Senada dengan itu, petugas PTM Baiq Tina Agustuna menekankan pentingnya deteksi dini. “Hipertensi dan diabetes tidak ada gejala awal. Dengan rajin cek tekanan darah di posyandu, kita bisa cegah sebelum parah. Harapannya ke depan warga usia 15 tahun ke atas lebih rutin datang,” ujarnya.
PLKB Lalu Darmawangsa menambahkan bahwa momen posyandu ILP juga dimanfaatkan untuk updating data keluarga dan sosialisasi program Bangga Kencana. “Kami sampaikan informasi tentang KB pasca persalinan, KB Metode Kontrasepsi Jangka Panjang, dan pentingnya pendewasaan usia perkawinan untuk remaja,” jelasnya.

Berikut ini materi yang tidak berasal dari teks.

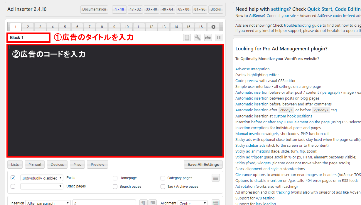 プラグインの設定画面です。まず背景が黒いテキストボックスの中に、自動挿入したい広告コードや定型文を入力します。
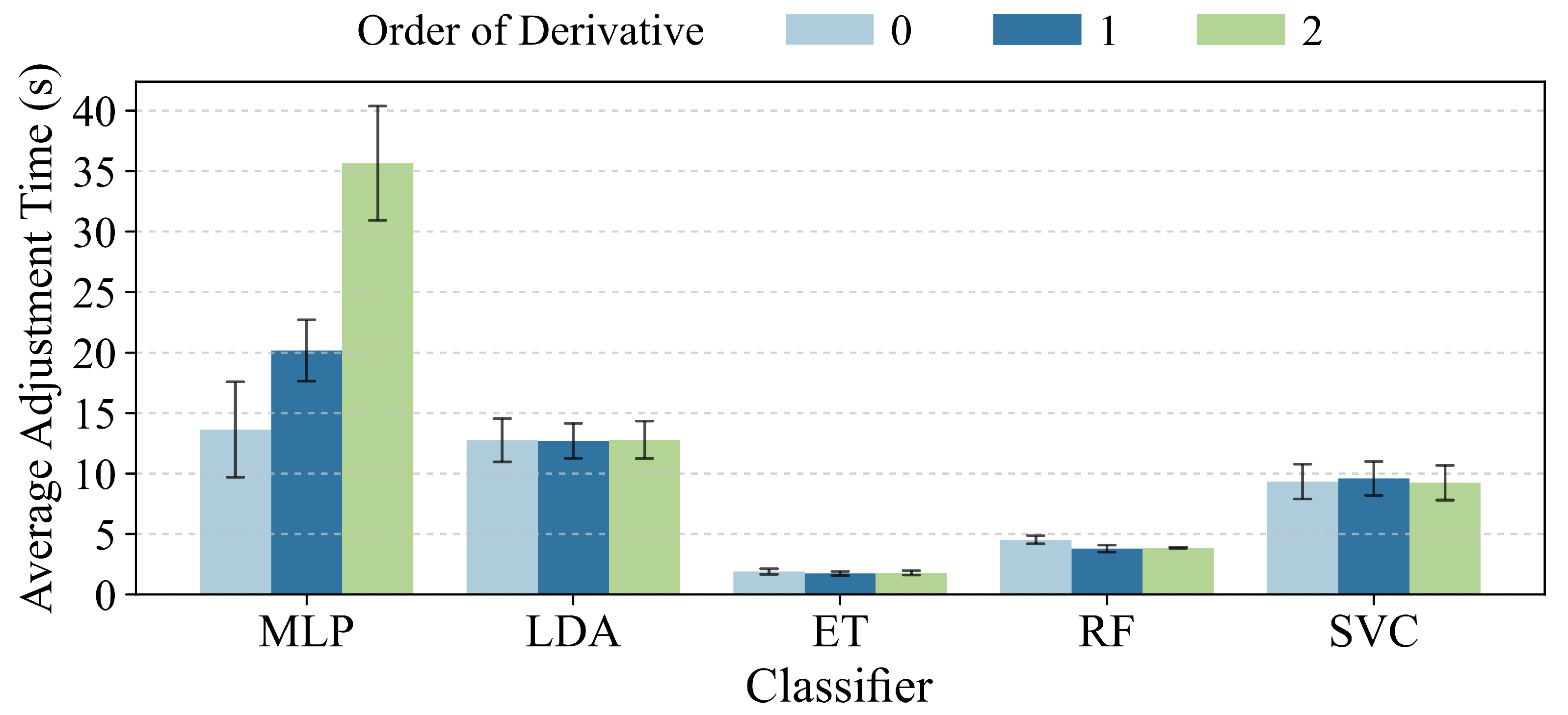 Figure 4, ET and RF classifiers stand out as the fastest to train, with consistently low average fit times (generally below 5 s) for all three derivative orders. LDA also shows notable computational efficiency, with fit times slightly higher than tree-based models, but still very competitive (around 11–15 s). Applying derivatives does not seem to significantly impact the fit time of these three types of classifiers.
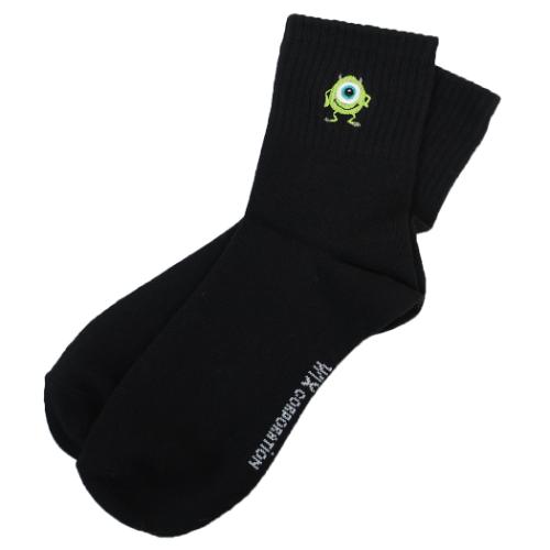 ディズニー 女性用靴下 レディース ワンポイント刺繍アメリブロークルーソックス モンスターズインク ブラック マイク ウイックス【メール便可】
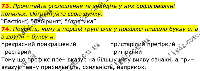 73. Прочитайте оголошення та знайдіть у них орфографічні помилки. Обґрунтуйте свою думку. “Бастіон”, “Лабіринт”, “Атлетика” 74. Поясніть, чому в першій групі слів у префіксі пишемо букву е, а в другій – букву и. прекрасний прикрашений престарий пристарілий прегіркий пригірклий Тому що префікс пре– вказує на більшу міру вияву ознаки, а при– вказує певну прихильність, схильність, напрямок.
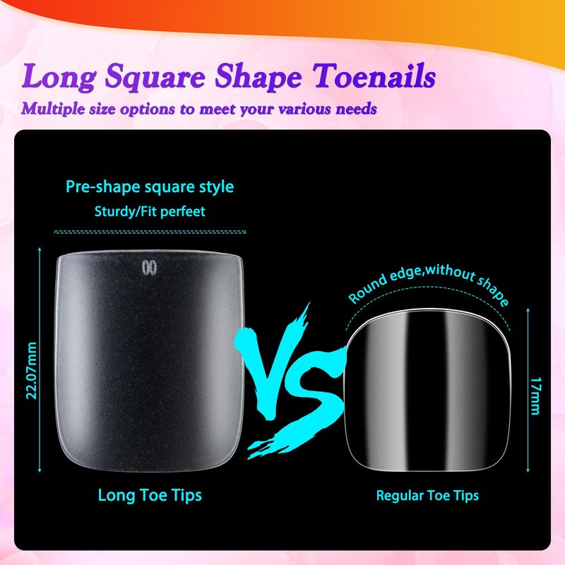 - MATTE TEXTURE: Our Square lONG toenail tips feature a matte frosted texture with stronger friction, allowing them to fit your natural nails more perfectly. Experience the convenience of our "pre-shaped file" design, which saves you time and effort. Say goodbye to worries about thinning and unsightly nails caused by polishing, as our tips provide better care for your nails
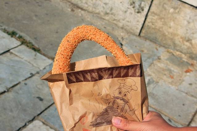 雅典特色小吃,这种圈圈在希腊街头十分常见,有点像长棍面包,硬硬的,嚼起来很香,咬一口会掉芝麻。类似中国的油条,可以当早餐~
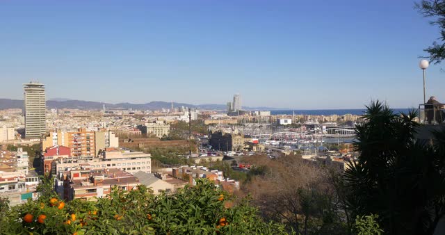 749768 - spain sunny day montjuic park port vell panorama 4k barcelona
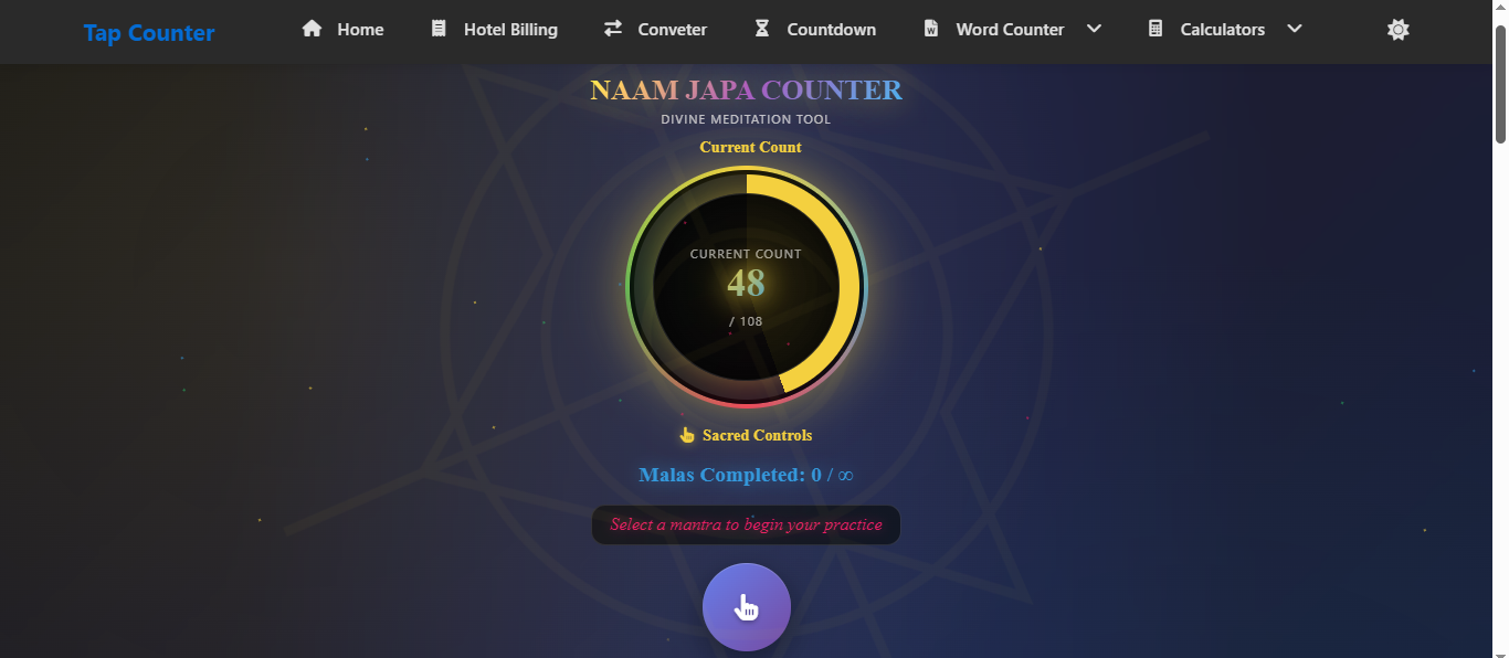 The Naam Japa Counter on TapCounter.in is a free, web-based tool designed to track mantra repetitions, prayers, or affirmations. It serves as a digital mala, offering a user-friendly interface for spiritual seekers, meditators, and anyone needing a reliable counting mechanism. Key features include:
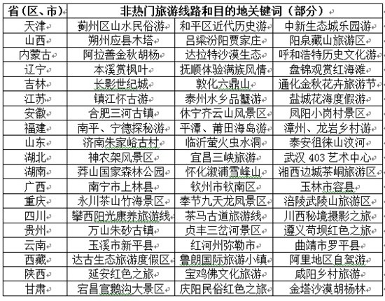 《假日旅游指南》中提示游客,多數(shù)國內(nèi)熱門旅游目的地假日旅游接待人次呈現(xiàn)出“中間高,兩頭低”的趨勢,假日前兩日或者最后兩日安排一次短途旅游將使旅途擁堵有所緩解,如前往預計較熱門的地區(qū),可安排假日前提前一天出行。同時,臨近假日,各地交通部門將發(fā)布路網(wǎng)提示,預測、監(jiān)測公路擁堵情況,廣大自駕游客可予以關(guān)注,科學選擇行車路線。長途出行,假日前幾天前往較大城市、后幾天前往中小城市的鐵路、民航線路相對寬松,可避開客運高峰。此外,一些新興的旅游線路和目的地未受到較多關(guān)注,部分熱門的旅游線路和目的地進入相對淡季,在假日期間選擇前往將大大提升旅游的品質(zhì),豐富旅行的內(nèi)涵。為方便廣大游客,部分省(市、區(qū))旅游主管部門根據(jù)歷年同期假日旅游情況,整理了一份非熱門旅游線路和目的地關(guān)鍵詞,以供參考。

Perwakilan Kemensos, Habibi, memastikan bahwa data peserta posyandu yang masuk kategori keluarga penerima manfaat program sosial akan diintegrasikan untuk pemutakhiran Data Terpadu Kesejahteraan Sosial (DTKS). “Ini bentuk sinergi. Data kesehatan dari posyandu bisa jadi rujukan untuk intervensi bantuan sosial yang lebih tepat sasaran,” katanya.
Kegiatan Posyandu ILP Sandat I berakhir pukul 12.00 WITA. Meski capaian kehadiran untuk remaja, usia produktif, dan lansia masih perlu ditingkatkan, pelaksanaan perdana ILP di bulan Mei ini menjadi pijakan penting. Kolaborasi antara TP-PKK, kader, bidan desa, PLKB, petugas PTM, dan Kemensos membuktikan bahwa pelayanan kesehatan yang komprehensif dapat dihadirkan hingga ke tingkat dusun.
Ke depan, TP-PKK Desa Sakra Selatan bersama Pemerintah Desa berkomitmen untuk terus melakukan sosialisasi masif agar seluruh siklus hidup memanfaatkan Posyandu ILP. Dengan motto “Sehat Sejak Dini, Produktif Sepanjang Usia”, Posyandu ILP diharapkan menjadi garda terdepan dalam mewujudkan Desa Sakra Selatan yang sehat, mandiri, dan sejahtera.